Как ни странно, от этих ежедневных пыток безответными вопросами, его избавила Аполлинария Григорьевна.
В то утро Феликс Янович так увлекся чтением свежих газет, что даже не услышал, как телеграфистка вошла в кабинет, неся ему традиционную чашку горячего, но не крепкого, и конечно же не сладкого чая. Начальник почты задумчиво изучал криминальную хронику, где уже во всех красках живописали трагедию в Коломне. Причем, некоторые журналисты отчетливо больше сочувствия высказывали убийце – «погибшему для литературы и жизни одаренному юноше» – чем его безвестной жертве.
– Какая же мерзость! – Феликс Янович не удержался от суждения вслух, прочитав очередные пассажи на тему – так ли уж виноват Павел Струев?
Начальник почты был уверен, что его никто не слышит, поэтому вздрогнул, когда раздался спокойный голос Аполлинарии Григорьевны.
– Не соглашусь с вами. Попытки оправдать человека, который не похож на убийцу, очень понятны. Они идут от самой нашей природы. Никто не хочет верить, что преступником может оказаться такой же обычный человек как он сам. Поскольку тогда придется допустить, что в каждом из нас сокрыт корень зла. Мало у кого хватает мужества признать, что так оно и есть.
От неожиданности Феликс Янович опешил и не сразу нашелся, что сказать. Суждение Аполлинарии Григорьевны во многом отражало его собственные мысли, однако он не был уверен, что верно понял ее.
– Так вы считаете, что преступником может стать любой? – осторожно уточнил Колбовский.
– Разумеется, – спокойно ответила телеграфистка. – Нет исключений. И чем меньше человек обременяет себя долгом и трудом, тем слабее его дух перед соблазнами.
И с видом человека, изрекшего непреклонную истину, она покинула кабинет начальника.
*
Когда Колбовский пришел в кабинет судебного следователя, тот, насвистывая, как раз раскладывал пасьянс прямо на служебном столе, заваленном бумагами. Кутилин охотно подхватил тему странности поступка Струева.
– Молодой идиот разрушил свою судьбу на пустом месте, – не без жалости заключил Петр Осипович, выкладывая на столе карты. – Нет, теперь вы, Феликс Янович, не убедите меня, что поэзия – это душеспасительное занятие! Посмотрите, что она сделала с этим мальчишкой! Попросту свела с ума.
– В некоторых случаях и молитва не является душеспасительным занятием, – кротко заметил Феликс Янович, внимательно наблюдая за движением рук Кутилина. – Готов поспорить, ваш пасьянс нынче не сойдется.
– Это почему ещё? – Петр Осипович глянул на него с подозрением.
– Просто предчувствие, – Колбовский развел руками.
– Вечно вы предчувствуете какие-нибудь неприятности, – вздохнул Кутилин. – Хоть бы раз предсказали что-то хорошее.
Колбовский промолчал.
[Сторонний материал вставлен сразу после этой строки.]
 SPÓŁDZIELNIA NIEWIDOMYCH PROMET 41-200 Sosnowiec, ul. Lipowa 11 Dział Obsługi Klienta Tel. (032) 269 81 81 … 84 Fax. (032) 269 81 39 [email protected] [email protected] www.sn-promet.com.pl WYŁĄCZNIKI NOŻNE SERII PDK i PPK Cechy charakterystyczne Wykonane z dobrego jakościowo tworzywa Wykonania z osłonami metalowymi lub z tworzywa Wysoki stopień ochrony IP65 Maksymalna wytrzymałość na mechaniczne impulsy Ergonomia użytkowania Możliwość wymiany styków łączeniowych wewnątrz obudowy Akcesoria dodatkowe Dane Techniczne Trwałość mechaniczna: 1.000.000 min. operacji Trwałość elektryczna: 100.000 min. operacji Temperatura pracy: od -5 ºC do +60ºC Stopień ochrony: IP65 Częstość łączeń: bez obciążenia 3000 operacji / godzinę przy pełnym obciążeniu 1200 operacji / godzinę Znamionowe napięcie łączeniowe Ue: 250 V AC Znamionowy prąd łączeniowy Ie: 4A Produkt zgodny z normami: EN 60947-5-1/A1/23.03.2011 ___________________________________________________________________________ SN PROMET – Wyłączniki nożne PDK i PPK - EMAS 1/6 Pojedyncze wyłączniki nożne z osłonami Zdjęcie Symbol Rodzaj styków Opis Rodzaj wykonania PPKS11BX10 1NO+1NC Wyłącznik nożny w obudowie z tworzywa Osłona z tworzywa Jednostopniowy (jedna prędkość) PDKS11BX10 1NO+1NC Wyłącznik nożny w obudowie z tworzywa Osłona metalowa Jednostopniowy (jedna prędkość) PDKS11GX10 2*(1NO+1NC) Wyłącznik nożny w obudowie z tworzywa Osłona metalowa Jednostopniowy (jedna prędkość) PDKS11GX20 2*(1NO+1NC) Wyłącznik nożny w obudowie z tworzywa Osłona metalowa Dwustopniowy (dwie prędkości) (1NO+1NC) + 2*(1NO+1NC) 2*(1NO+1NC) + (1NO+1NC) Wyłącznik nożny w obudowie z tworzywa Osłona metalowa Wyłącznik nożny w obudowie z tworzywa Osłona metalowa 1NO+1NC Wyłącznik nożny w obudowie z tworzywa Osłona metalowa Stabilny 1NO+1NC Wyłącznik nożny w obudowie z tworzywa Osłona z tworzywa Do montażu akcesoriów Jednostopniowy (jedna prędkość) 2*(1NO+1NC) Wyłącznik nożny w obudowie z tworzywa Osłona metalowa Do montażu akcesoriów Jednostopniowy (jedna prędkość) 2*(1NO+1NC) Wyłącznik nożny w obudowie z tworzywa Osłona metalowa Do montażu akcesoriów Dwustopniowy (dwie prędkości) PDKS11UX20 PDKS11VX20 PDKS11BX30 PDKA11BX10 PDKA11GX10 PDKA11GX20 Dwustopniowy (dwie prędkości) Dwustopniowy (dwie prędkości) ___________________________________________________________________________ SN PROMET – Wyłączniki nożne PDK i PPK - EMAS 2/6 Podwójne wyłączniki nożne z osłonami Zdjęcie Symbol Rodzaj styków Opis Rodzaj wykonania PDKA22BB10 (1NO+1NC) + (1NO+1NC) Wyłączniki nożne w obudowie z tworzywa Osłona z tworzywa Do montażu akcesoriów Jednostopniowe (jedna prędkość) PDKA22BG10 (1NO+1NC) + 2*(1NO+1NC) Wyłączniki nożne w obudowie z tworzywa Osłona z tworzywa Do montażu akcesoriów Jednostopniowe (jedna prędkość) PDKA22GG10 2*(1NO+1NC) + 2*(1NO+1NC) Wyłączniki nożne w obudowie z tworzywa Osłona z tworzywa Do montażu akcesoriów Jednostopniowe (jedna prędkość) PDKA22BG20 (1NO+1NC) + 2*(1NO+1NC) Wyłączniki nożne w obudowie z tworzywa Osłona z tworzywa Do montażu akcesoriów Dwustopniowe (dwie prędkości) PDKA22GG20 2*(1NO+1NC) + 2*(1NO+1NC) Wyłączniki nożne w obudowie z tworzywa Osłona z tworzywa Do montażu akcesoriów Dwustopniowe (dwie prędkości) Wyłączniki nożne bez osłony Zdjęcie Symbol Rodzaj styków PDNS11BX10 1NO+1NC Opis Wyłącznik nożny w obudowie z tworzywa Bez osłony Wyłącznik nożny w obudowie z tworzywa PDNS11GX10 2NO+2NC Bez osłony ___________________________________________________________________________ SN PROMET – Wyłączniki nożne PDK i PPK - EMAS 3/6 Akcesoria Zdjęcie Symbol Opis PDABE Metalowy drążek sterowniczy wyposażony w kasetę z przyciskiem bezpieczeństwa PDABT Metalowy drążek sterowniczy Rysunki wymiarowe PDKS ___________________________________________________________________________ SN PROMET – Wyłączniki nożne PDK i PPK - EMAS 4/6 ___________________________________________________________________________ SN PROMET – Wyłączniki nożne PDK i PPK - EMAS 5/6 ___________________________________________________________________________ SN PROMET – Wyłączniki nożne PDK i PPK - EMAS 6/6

Пасьянс, действительно, не сошелся, и Кутилин с досадой смахнул карты со стола.
– Черти что такое, – буркнул он.
Феликс Янович еле удержался от улыбки, памятую о собственных слабостях, вроде коробочки леденцов, которая и сейчас предусмотрительно лежала в кармане мундира. Правда, самого начальника почты почти никогда не мучили суеверия. И он искренне недоумевал, глядя, как Петр Осипович, полагая себя человеком православным, при этом подвержден верованиям самого разного толка. Так, карточный расклад был не только успокоением души судебного следователя, но и невольной, суеверной проверкой всех новых версий. Кутилин не говорил об этом никому, но Феликс Янович давно догадался сам: время пасьянса и смена настроения Петра Осиповича, начинавшиеся сомнения и душевные метания, говорили сами за себя.
Вот и сейчас. Кутилин погрузился в унылые рассуждения о том, не упустил ли он чего-то при допросе свидетелей. Возможно, у юноши были сообщники, и он на деле намеревался продать им колье? Но Феликс Янович решительно пресек этот потом мыслей.
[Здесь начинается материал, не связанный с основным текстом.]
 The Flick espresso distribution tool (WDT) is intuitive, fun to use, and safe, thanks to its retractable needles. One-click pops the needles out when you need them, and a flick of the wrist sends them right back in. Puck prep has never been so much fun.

– Если хотите сделать еще что-то для ясности картины, то оставьте в покое колье. Я бы рекомендовал кое-что другое.
И как во всех случаях, когда пасьянс не сходился, Кутилин, нехотя, но начал слушать.
*
Объявление о новом поэтическом вечере господина Муравьева было воспринято коломенским обществом неоднозначно. С одной стороны, репутация поэта теперь вызывала сомнения. С другой, как справедливо заметила Олимпиада Гавриловна, репутация любого известного литератора неизбежно в какой-то момент становилась сомнительной.
Господин Муравьев, видимо, отчаянно скучал и искал хоть какого-то общества. Ничем другим его согласие на публичные чтения в данных обстоятельствах объяснить было нельзя.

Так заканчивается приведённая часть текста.